With respect user1641832968632486258 I said that we need to be careful not to assume that everyone feels the same way; not that no one should have it because some don't want it. There is a world of difference between the two. And I think I explained in my last paragraph that elderly vulnerable patients without families could potentially be subject to those assumptions in a cost-cutting NHS.

I wish I hadn't posted now tbh. I am not posting in total opposition to euthanasia either! I just think we have to be very careful that it doesn't become an easy replacement for good care.

My view is genuine and I am sorry if I have caused offence by expressing it.

There must be an element of liability creeping into the Uk my dad had a medical power of attorney in progress which was in my name. My dad was admitted to hospital while I was in holiday a few hours away . I was called repeatedly by the doctors as he was refusing treatment and wanting me to talk to him etc and wondering how quickly I was going to get there to sort it out. he had wanted to die for years very little quality of life numerous ailments and of sound mind.

Yes getting a DNAR sorted is important. Mum has had one for the past two years or so. Each time she has an ambulance attend I get it out and it goes with her to hospital. She also now had a PEACE plan document which means no more hospital for her

Quality of life is subjective but in general I would say what doctors think is an acceptable quality of life isn't good enough for me. My Advanced Directive/living will is pretty brutal.

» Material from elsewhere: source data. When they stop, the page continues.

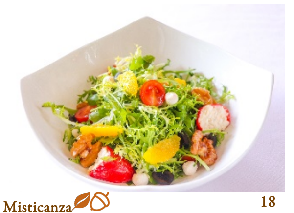
Assorted Greens, Cherry Tomatoes, Goat Cheese, Piquollo Peppers, Fresh Orange, Walnuts, Artichoke Hearts, Balsamic & Orange Dressing
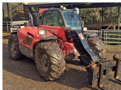
2011 Manitou MLT 634T, 120 LSU PS, c/w pin & cone, excellent condition £POA JW
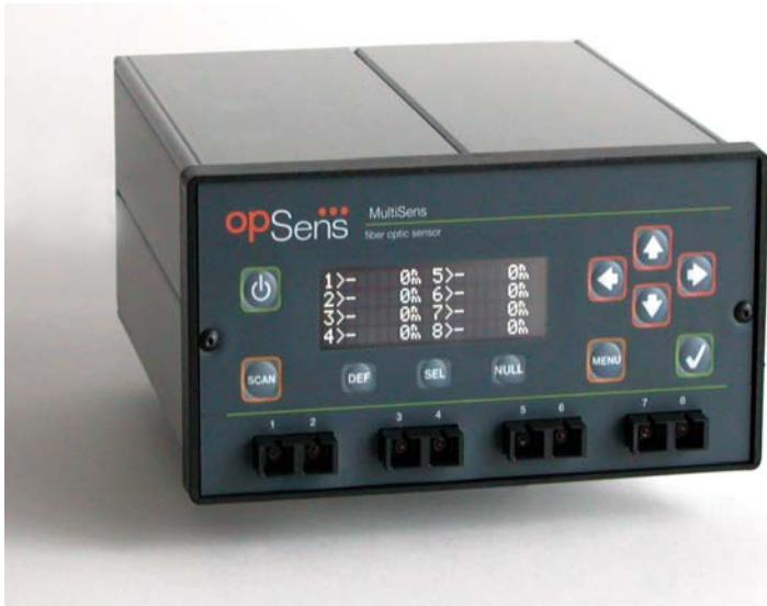
MULTI-CHANNEL, MULTI-PURPOSE SIGNAL CONDITIONER FOR LABORATORY APPLICATIONS

Use with Opsens' WLPI fiber optic sensors — • Pressure • Temperature • Strain • Position
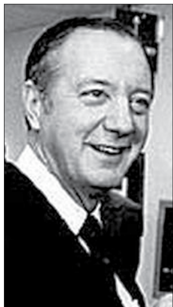
Former mayors Michael Bilandic and Jane Byrne.

Bilandic oddly decided to run for the Mayor's Office in the Primary election of 1979. But Chicagoans' anger resulted in payback to his career. Confounding Bilandic's troubles, Jane Burke Byrne set her sites on his office for her-
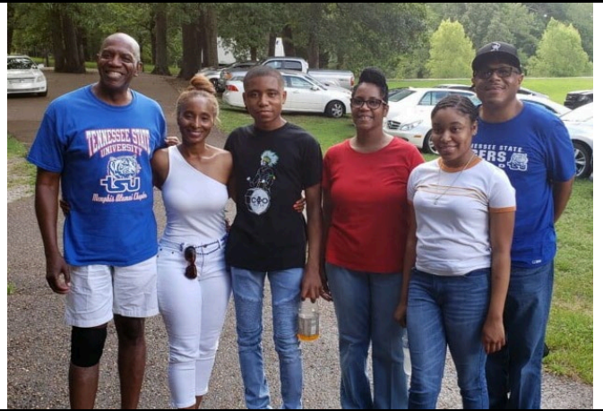
TSU-CPH Scholarship Recipient
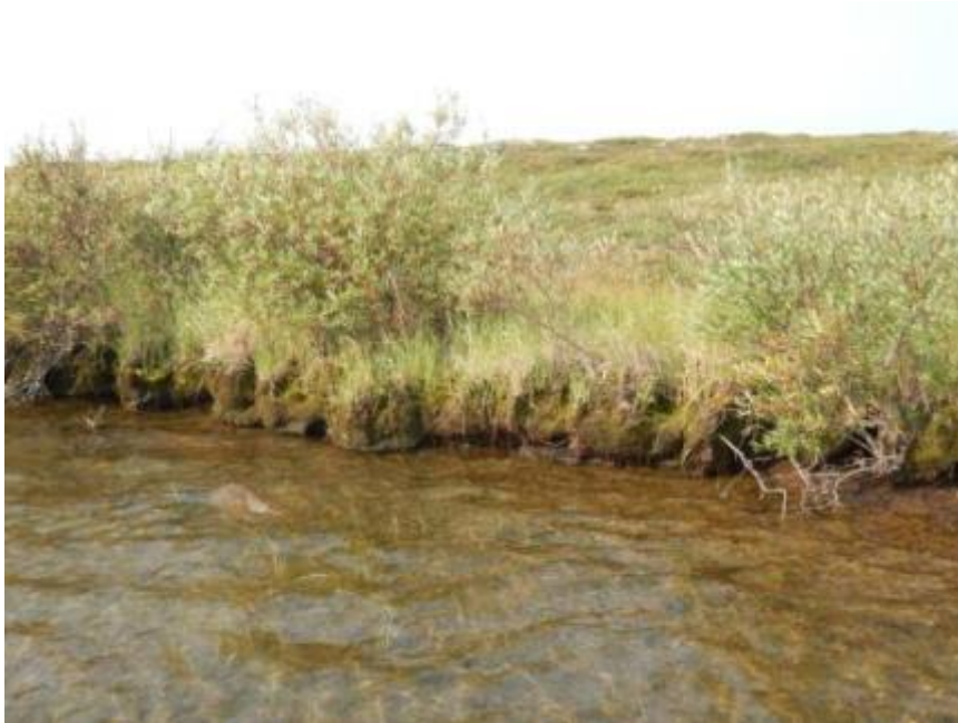
Photo B-12 Lake Af1 Shoreline Facing East at 12W 538459E 7174866N, August 20, 2013
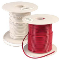
18 -20 AWG wire
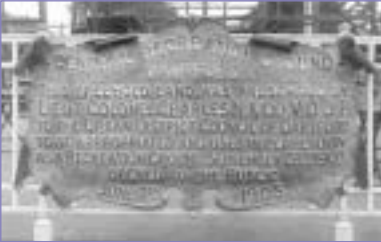
Plaque commemorating the donation of the original Central Recreation Ground.
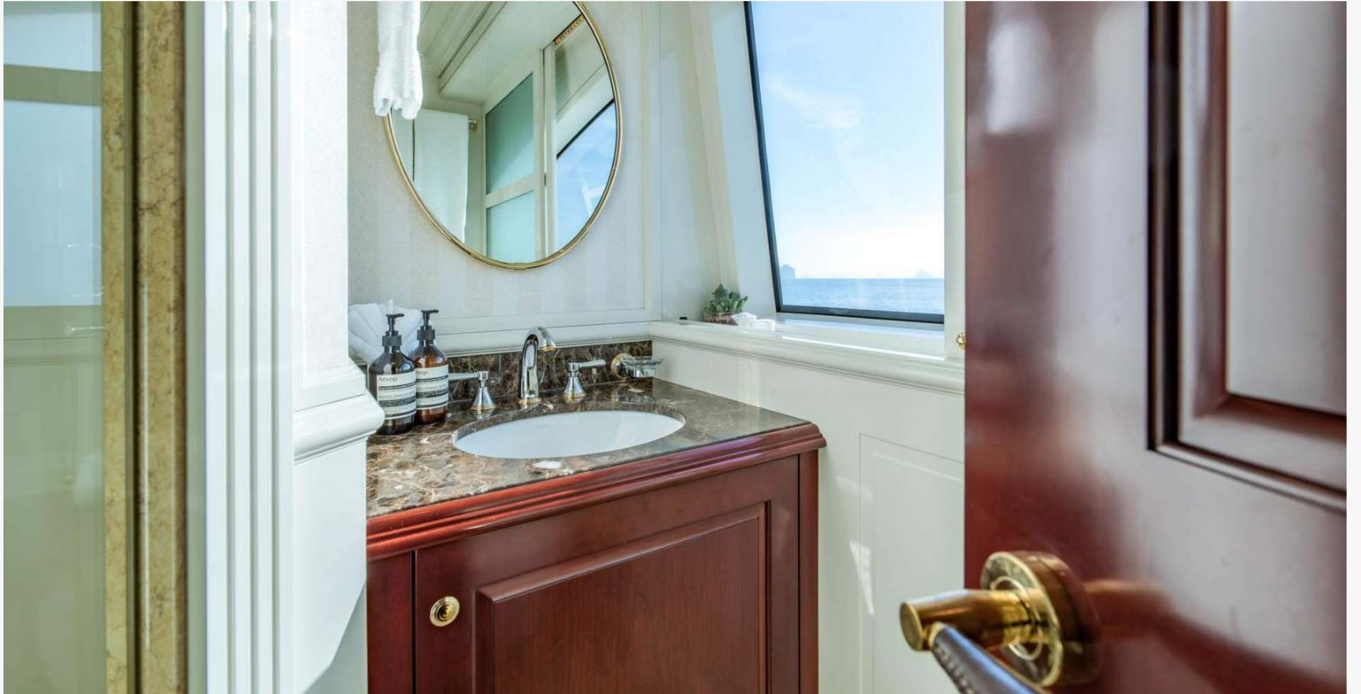
Bridge Deck Guest Bath

However, I encounter patients of huge frailty and great age every day who say they want everything done. At that stage there actually may not be much that can be done but they nonetheless continue to exist and although I find it really difficult to keep trying to intervene, it isn't for me to take that decision away from them.

My mother has zero quality of life and I know her previous self would 100 x rather be dead. But to others and particularly to those in healthcare, she is walking around, chatting and building relationships, eating and drinking, enjoying phone calls and visits. I know they don't understand what I mean when I try to say what our views are. Because ultimately it is her doctor's call. She never did a health POA so we have no right to speak for her, and she has no capacity to speak for herself.